Activity - Locate the line that contains "Die mud-ground-Außensohle aus" in the data that follows. Copy it and every subsequent line to the end, exactly, excluding pictures.

Data in this exercise -
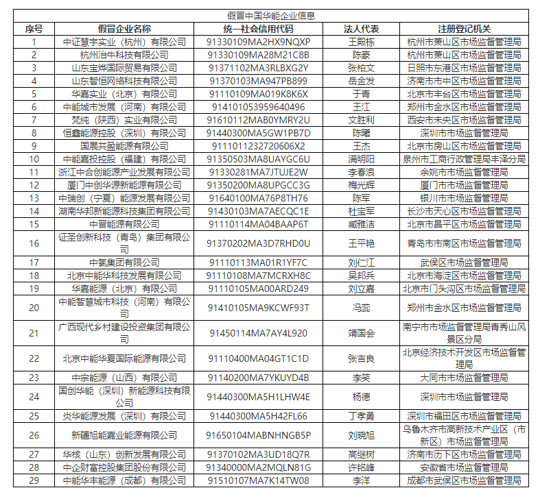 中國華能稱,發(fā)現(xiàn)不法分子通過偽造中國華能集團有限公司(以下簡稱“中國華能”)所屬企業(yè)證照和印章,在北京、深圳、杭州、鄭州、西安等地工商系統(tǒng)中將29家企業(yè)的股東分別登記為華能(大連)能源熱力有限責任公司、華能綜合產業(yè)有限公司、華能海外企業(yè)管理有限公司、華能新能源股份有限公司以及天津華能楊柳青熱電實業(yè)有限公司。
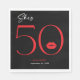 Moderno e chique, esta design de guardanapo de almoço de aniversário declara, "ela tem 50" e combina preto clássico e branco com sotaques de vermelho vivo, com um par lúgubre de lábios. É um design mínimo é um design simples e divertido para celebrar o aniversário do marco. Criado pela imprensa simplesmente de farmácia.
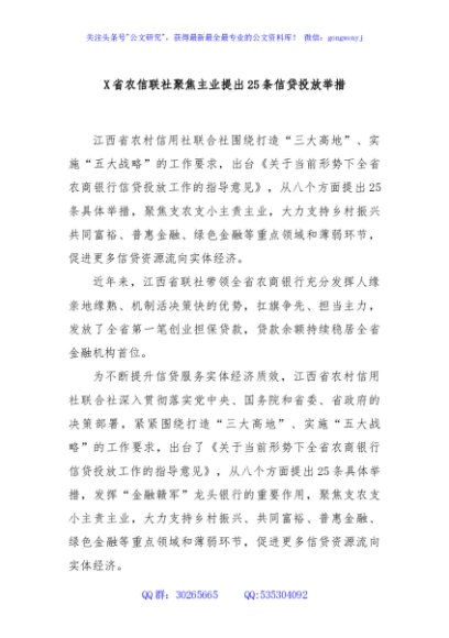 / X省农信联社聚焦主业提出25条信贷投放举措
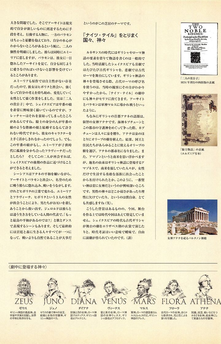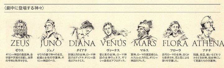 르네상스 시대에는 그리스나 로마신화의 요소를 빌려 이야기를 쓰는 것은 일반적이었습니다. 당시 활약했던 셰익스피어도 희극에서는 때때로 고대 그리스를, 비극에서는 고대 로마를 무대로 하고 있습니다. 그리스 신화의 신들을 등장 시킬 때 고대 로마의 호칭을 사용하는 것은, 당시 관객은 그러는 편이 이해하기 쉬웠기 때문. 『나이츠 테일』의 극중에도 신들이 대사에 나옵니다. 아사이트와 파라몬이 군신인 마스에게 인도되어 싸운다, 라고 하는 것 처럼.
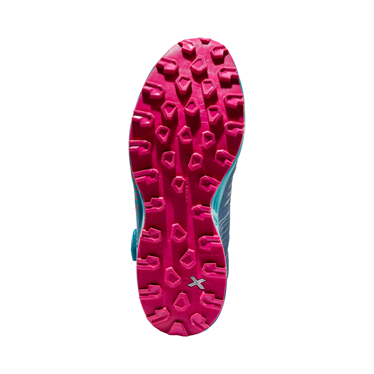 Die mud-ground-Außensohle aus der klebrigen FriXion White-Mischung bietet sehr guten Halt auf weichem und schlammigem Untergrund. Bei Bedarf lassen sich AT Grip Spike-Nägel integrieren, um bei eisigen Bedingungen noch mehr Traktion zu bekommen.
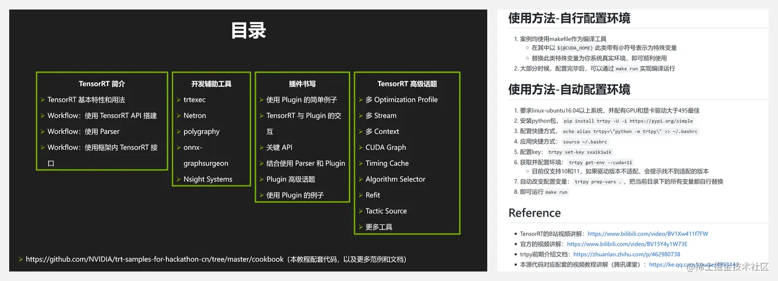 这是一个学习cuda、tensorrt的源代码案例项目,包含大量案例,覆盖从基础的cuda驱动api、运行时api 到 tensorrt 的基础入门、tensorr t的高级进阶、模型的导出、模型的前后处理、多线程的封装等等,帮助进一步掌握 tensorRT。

Solution for this problem -
 Die mud-ground-Außensohle aus der klebrigen FriXion White-Mischung bietet sehr guten Halt auf weichem und schlammigem Untergrund. Bei Bedarf lassen sich AT Grip Spike-Nägel integrieren, um bei eisigen Bedingungen noch mehr Traktion zu bekommen.
 这是一个学习cuda、tensorrt的源代码案例项目,包含大量案例,覆盖从基础的cuda驱动api、运行时api 到 tensorrt 的基础入门、tensorr t的高级进阶、模型的导出、模型的前后处理、多线程的封装等等,帮助进一步掌握 tensorRT。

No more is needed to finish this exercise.